Forgiveness can Be Hard to Do

Wednesday, September 13, 2017 @ 4:50 PM

My client was struggling with forgiveness. He didn’t want to forgive. "The person never asked for forgiveness, wasn't really sorry, they meant to do it and if forgiven, I might have to be nice to them. " Of course, this is why God really shouldn’t forgive us either. Why should He? He is sovereign and gave us free will to follow Him. Its our job to lead a life free of sin not His. Right?

Forgiveness is one of the most stubborn words in our vocabulary. When we forgive, we become vulnerable to attack. We have given permission to another person to have wronged us.

In a recent sermon, Pastor David Mullen of Ascension Lutheran Church quoted Dietrich Bonhoeffer from this book The Cost of Discipleship: “My brother’s burden which I must bear is not only his outward life, his natural characteristics and gifts, but quite literally his sin. The call to follow Christ always means a call to share the word of forgiveness—the Christlike suffering which it is the Christian’s duty to bear.” Pastor Mullen followed with his own words: “To forgive is to die to self in a real way.”

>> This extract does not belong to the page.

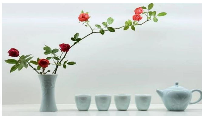
Figure 1. Creative products of functional ceramics

Ceramic cultural and creative products, as a type of arts and crafts product, are ceramic art products that combine practical and aesthetic principles. In the Jingdezhen Ceramic Creative Market, the creative products of college students are mainly divided into two categories, namely "functional ceramic creative products" (Figure 1) and "decorative ceramic creative products" (Figure 2). Usable ceramic creative products are ceramic products aimed at "artistic creation of daily necessities". They mainly embody the beauty of creative handcrafting and are characterized by irregular geometric shapes. In terms of molding technology, they are mostly shaped in the form of blank drawing, clay bar construction, mold pressing, and other forms. Such as tea sets, incense sets, food plates, etc. Decorative ceramic creative products are often expressed in the form of "art life oriented". Usually used as an ornament in daily life, this type of ceramic creative product emphasizes the ornamental, original, and conceptual aspects of ceramic art in terms of artistic expression characteristics. In ceramic decoration, the main techniques are blue and white, underglaze multicolored, high-temperature colored glaze, pink, and new colors. Mainly through personalized expression language, reflecting strong ideological emotions and unique aesthetic sentiment.

When we forgive, we push down our own pride. We become the servant. It is the cost that we don’t want to pay to the other. We would prefer to hold onto to the wrong for egotistical leverage.

It is what God did when He allowed Jesus to die on the Cross. It became His job to help us lead a life of forgiveness, even when He didn't have to. (Col.3:13).

When my client finally went through the grueling task of forgiveness, he sobbed nearly uncontrollably. For the first time in his memory, he was able to forgive the childhood abuse: Then verbal berating he took, the beatings with a belt buckle, and Bible verses used against him, padlocking him in the house all day alone. The next session he told me that he visited his…..mother…….for the first time without anger toward her. He also began to control his anger toward his wife and family and others he was using to shift his own internal anger onto others.

What an emotional relief to forgive instead of invoking the stressful burden of revenge!